| REQUIRED WORK |
Each record below should be returned exactly, with its pictures left out.

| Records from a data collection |

# # #

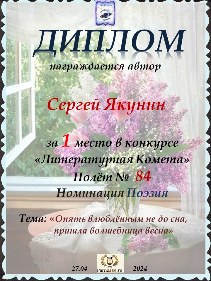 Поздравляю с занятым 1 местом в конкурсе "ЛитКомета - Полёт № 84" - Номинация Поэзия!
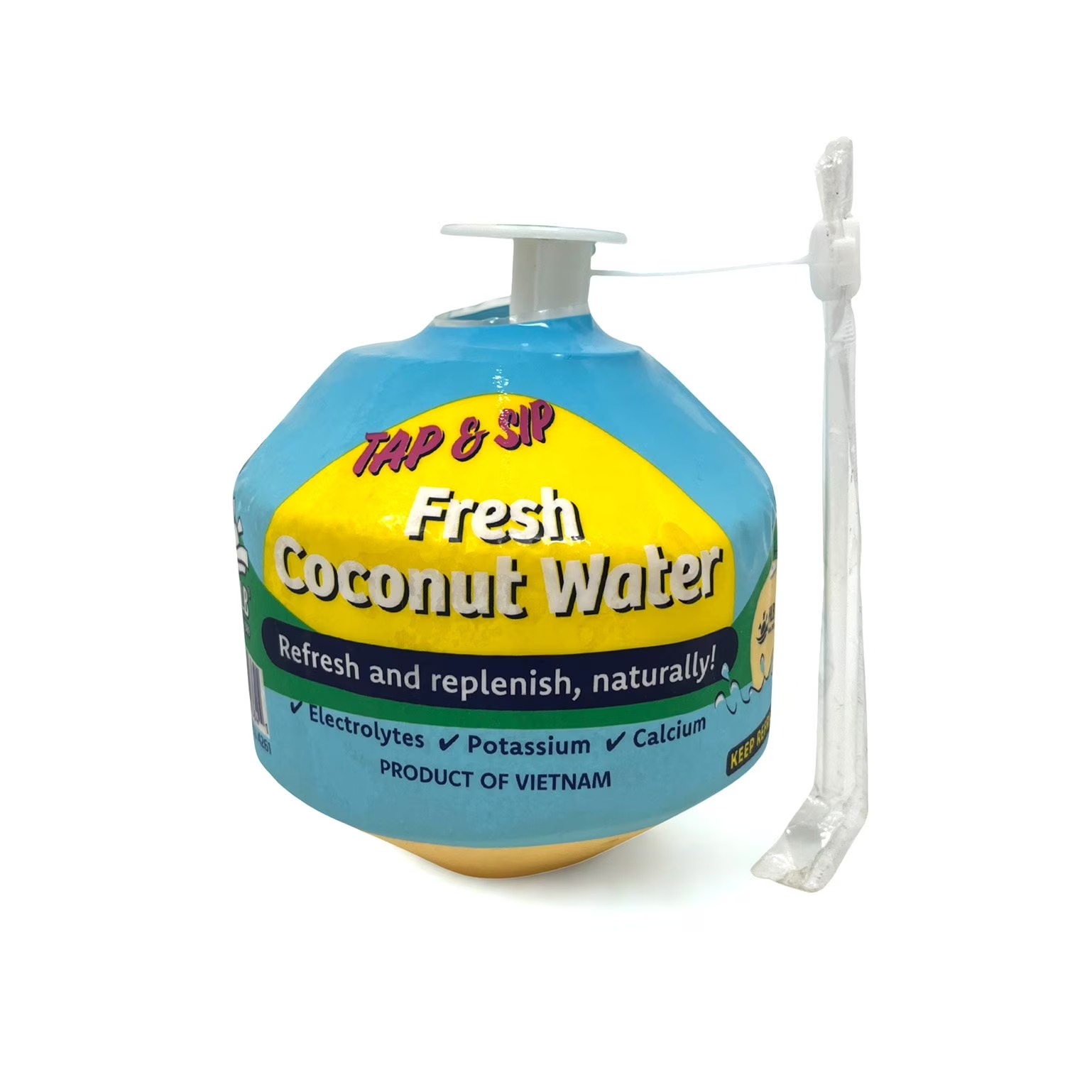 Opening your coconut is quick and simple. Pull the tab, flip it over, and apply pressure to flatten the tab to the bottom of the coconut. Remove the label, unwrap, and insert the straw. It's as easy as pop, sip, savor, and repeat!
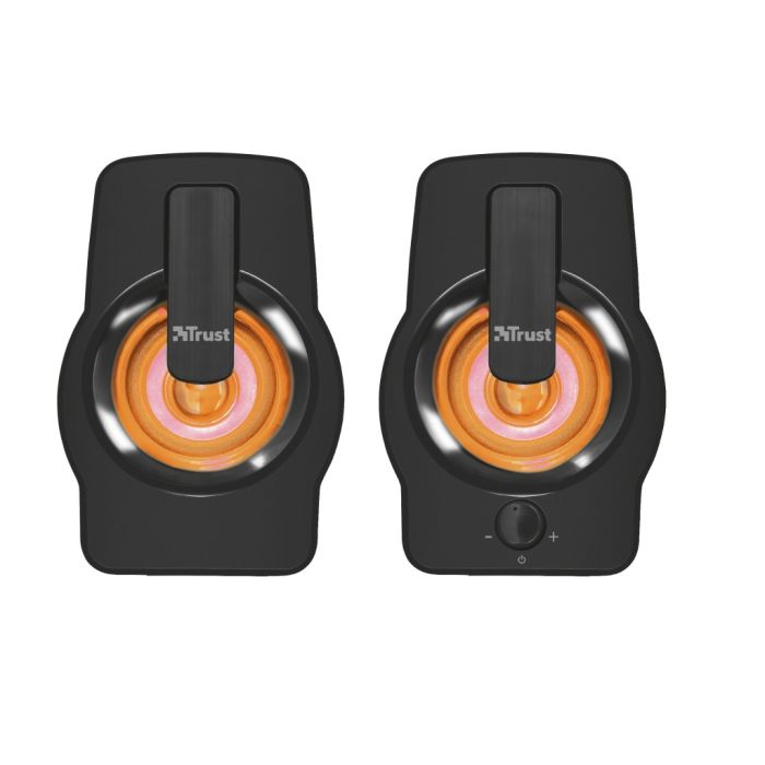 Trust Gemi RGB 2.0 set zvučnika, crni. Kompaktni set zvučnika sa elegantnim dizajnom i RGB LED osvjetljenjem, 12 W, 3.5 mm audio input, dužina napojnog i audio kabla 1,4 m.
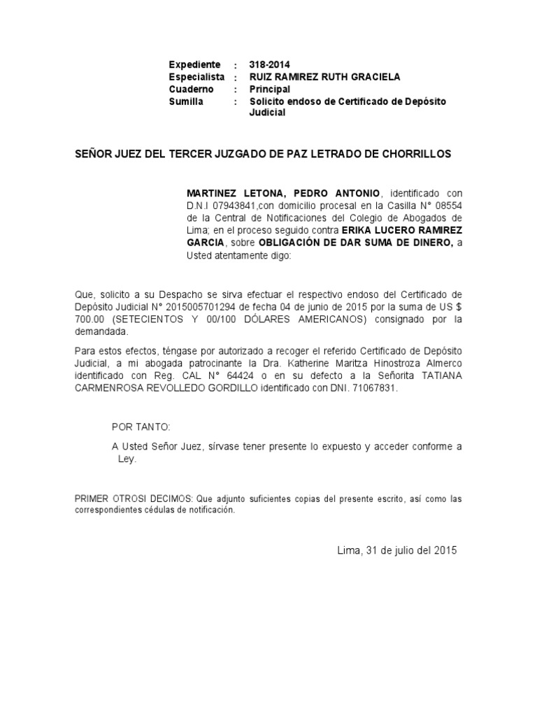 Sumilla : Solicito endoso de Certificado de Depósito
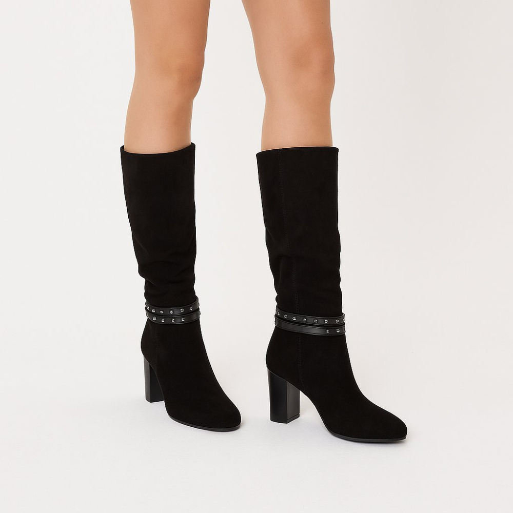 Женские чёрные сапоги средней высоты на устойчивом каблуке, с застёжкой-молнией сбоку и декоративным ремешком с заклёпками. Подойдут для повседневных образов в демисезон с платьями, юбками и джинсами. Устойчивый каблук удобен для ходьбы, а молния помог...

# # #

| WRITTEN RESPONSE |
 Поздравляю с занятым 1 местом в конкурсе "ЛитКомета - Полёт № 84" - Номинация Поэзия!
 Opening your coconut is quick and simple. Pull the tab, flip it over, and apply pressure to flatten the tab to the bottom of the coconut. Remove the label, unwrap, and insert the straw. It's as easy as pop, sip, savor, and repeat!
 Trust Gemi RGB 2.0 set zvučnika, crni. Kompaktni set zvučnika sa elegantnim dizajnom i RGB LED osvjetljenjem, 12 W, 3.5 mm audio input, dužina napojnog i audio kabla 1,4 m.
 Sumilla : Solicito endoso de Certificado de Depósito
 Женские чёрные сапоги средней высоты на устойчивом каблуке, с застёжкой-молнией сбоку и декоративным ремешком с заклёпками. Подойдут для повседневных образов в демисезон с платьями, юбками и джинсами. Устойчивый каблук удобен для ходьбы, а молния помог...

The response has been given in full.